Il se leva d'un air sombre, se promena silencieux pendant quelques instants ; puis, revenant au fermier, dont il prit la main calleuse avec une sévérité qui ressemblait à de la menace :
- Oui, dit-il, on verra. Oui, nous verrons. Nous verrons tous, toi comme moi, moi comme toi, moi comme lui. Et voilà justement ce à quoi je songeais tout à l'heure, quand tu m'as trouvé ce sang-froid qui t'a tant surpris.
- Vous m'effrayez ! le peuple uni, s'embrassant, s'agglomérant pour concourir à la prospérité commune, c'est un sujet qui vous assombrit, monsieur Gilbert ?
Celui-ci haussa les épaules.
- Alors, Continua Billot interrogeant à son tour, que direz-vous de vous-même, si vous doutez aujourd'hui, après avoir tout préparé dans l'ancien monde en donnant la liberté au nouveau ?
- Billot, reprit Gilbert, tu viens, sans t'en douter, de prononcer un mot qui est le sens de l'énigme. Ce mot que prononce La Fayette, et que nul peut-être, à commencer par lui, ne comprend, oui, nous avons donné la liberté au nouveau monde.
- Nous, Français. C'est bien beau.
- C'est bien beau, mais ce sera bien cher, dit tristement Gilbert.
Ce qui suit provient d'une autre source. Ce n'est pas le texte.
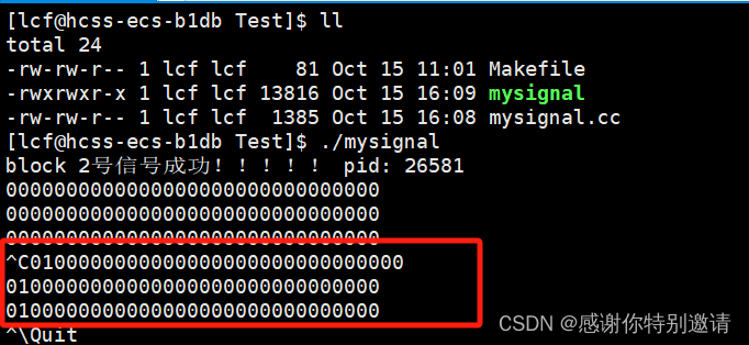 - .如果我们将2号信号进行block,并且不断打印当前进程的pending信号集,然后突然给该进程发送2号信号,那应该可以肉眼观察到有一个比特位有0置1.

- Bah ! l'argent est dépensé, la carte est payée, dit joyeusement Billot. Un peu d'or, beaucoup de sang, et la dette est acquittée.
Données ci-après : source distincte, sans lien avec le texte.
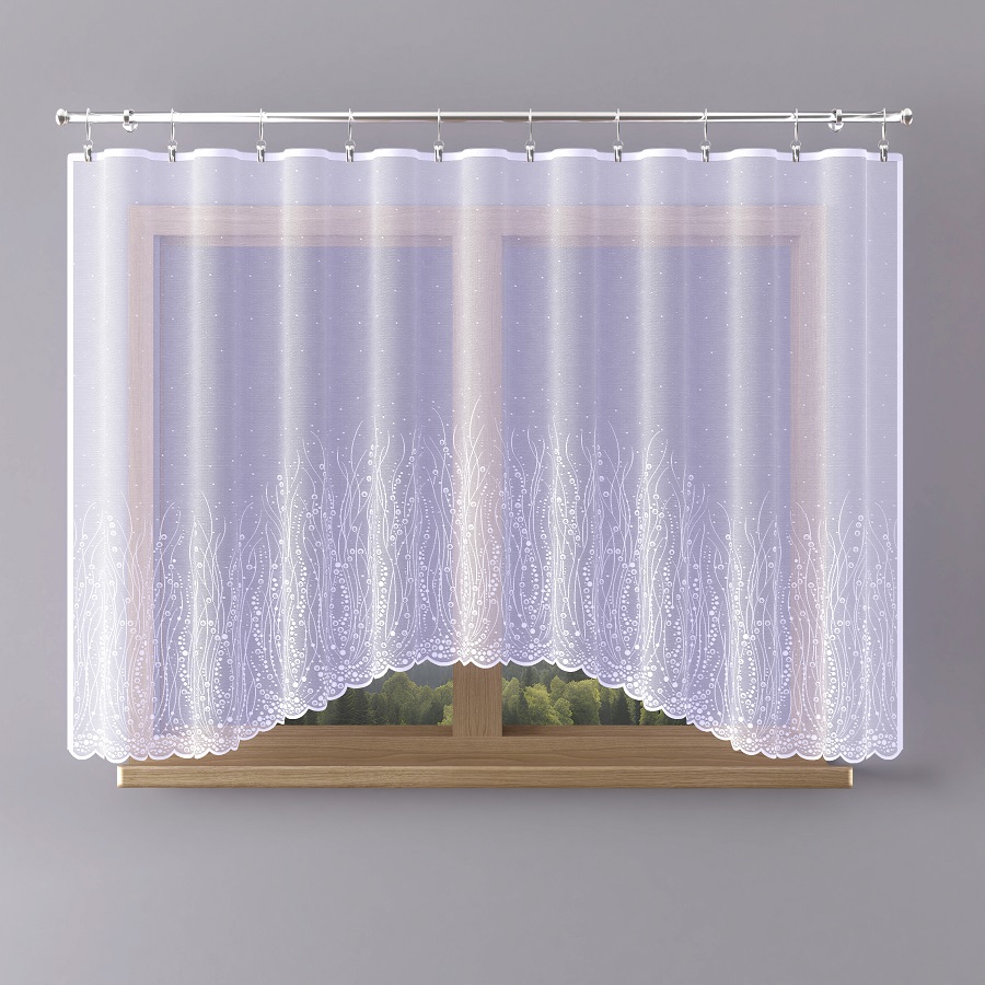 Firana gotowa -  odpasowana wykonana z przędzy żakardowej.

- Aveugle ! dit Gilbert, aveugle qui ne voit pas dans cette aurore d'Occident – le germe de notre ruine à tous – hélas ! Pourquoi les accuserais-je, moi qui ne l'ai pas vue plus qu'eux. Avoir donné la liberté au nouveau monde, Billot, j'en ai bien peur, c'est avoir perdu l'ancien.
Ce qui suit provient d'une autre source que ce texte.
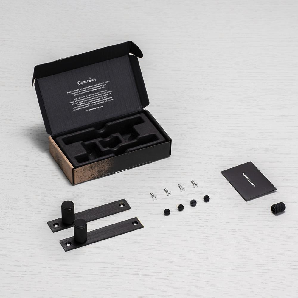 A pair of furniture knobs made from solid black anodised metal. These knobs feature our signature, diamond-cut, cross-knurl pattern. They come complete with black metal backplates and are fixed with black metal coin screws.
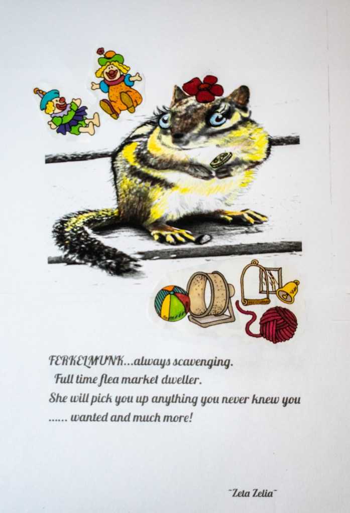 Several contributors used collage to show different environments. Racine artist Terry Evans presented a worldview and populated it with Wonder Woman and her ensemble of creatives: The Muses of Mirth. Fellow Racine artist Jon C. Bolton shared a picture of the local swimming hole in his piece, “Soup Tsunami.” Kenosha artist Zelia Zeta assembled images of one of Ferkelburg’s woodland creatures, the Ferkelmunk, with a couple of giddy souls and some trinkets from the local flea market.
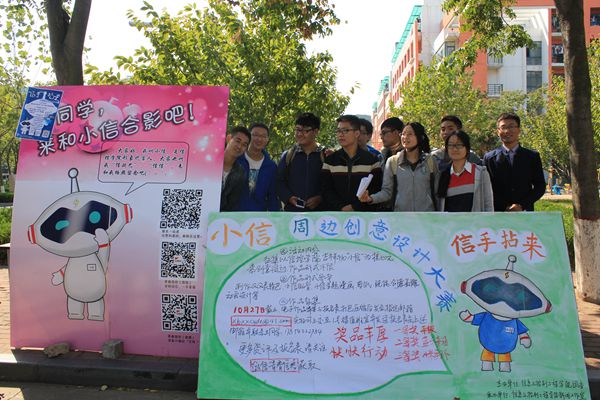 活动期间,工作室成员通过向来往同学老师派发传单,对感兴趣的同学进行具体的解释和指导。队员们用温馨的话语和热情的态度,向全校学生展示信控学院学生的风采,邀请学生们与“小信”合影等。这些活动加深了同学们对于“小信”和信控学院的印象,极大调动了部分同学对于设计的积极性,也使信控学院的敢于创新实践精神深入人心。
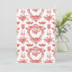 Una tarjeta de panel que presenta un toile rococó personalizado en rojo fresa sobre blanco. El reverso se deja en blanco para tus propias palabras o personalización
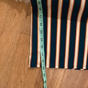 striped pants in dark teal, orange, & cream. Tie front with front zipper.
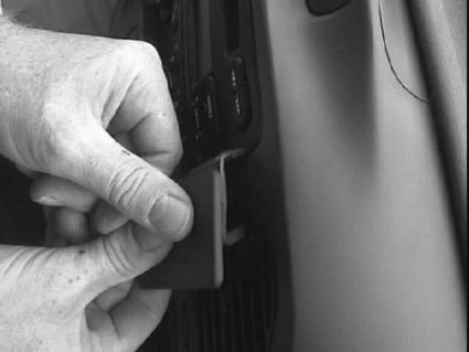 Press the left part of the ProClip, with adhesive tape, into the gap between the stereo and the surrounding panel.

- Rerum novus nascitur ordo, dit Pitou avec un grand aplomb révolutionnaire.
- Silence ! enfant, dit Gilbert.
- Etait-il donc plus malaisé, reprit Billot, de soumettre les Anglais que de calmer les Français ?
- Nouveau monde, répéta Gilbert, c'est-à-dire place nette, table rase ; pas de lois, mais pas d'abus ; pas d'idées, mais pas de préjugés. En France, trente mille lieues carrées pour trente millions d'hommes ; c'est-à-dire, en cas de partage de la place, à peine à chacun pour un berceau et une tombe. Là-bas, en Amérique, deux cent mille lieues carrées pour trois millions d'hommes ; des frontières idéales avec le désert, c'est-à-dire l'espace avec la mer, c'est-à-dire avec l'immensité ; dans ces deux cent mille lieues des fleuves navigables pendant mille lieues ; des forêts vierges dont Dieu seul connaît la profondeur, c'est-à-dire tous les éléments de la vie, de la civilisation et de l'avenir. Oh ! que c'est facile, Billot, quand on s'appelle La Fayette et qu'on a l'habitude de ces épées, quand on s'appelle Washington et qu'on a l'habitude de la pensée, que c'est facile de combattre des murailles de bois, de terre, de pierre ou de chair humaine ; mais lorsque au lieu de fonder on détruit, lorsqu'on voit dans le vieil ordre de choses qu'on attaque des murailles d'idées croulant, et derrière les ruines même de ces murailles se réfugier tant de gens et tant d'intérêts ; quand après avoir trouvé l'idée on voit que pour la faire adopter à un peuple il faudra peut-être décimer ce peuple, depuis le vieillard qui se souvient jusqu'à l'enfant qui apprendrait, depuis le monument qui est la mémoire jusqu'au germe qui est l'instinct, alors, oh ! alors, Billot, c'est une tâche qui fait frémir ceux qui voient au-delà de l'horizon. J'ai la vue longue, Billot, et je frémis.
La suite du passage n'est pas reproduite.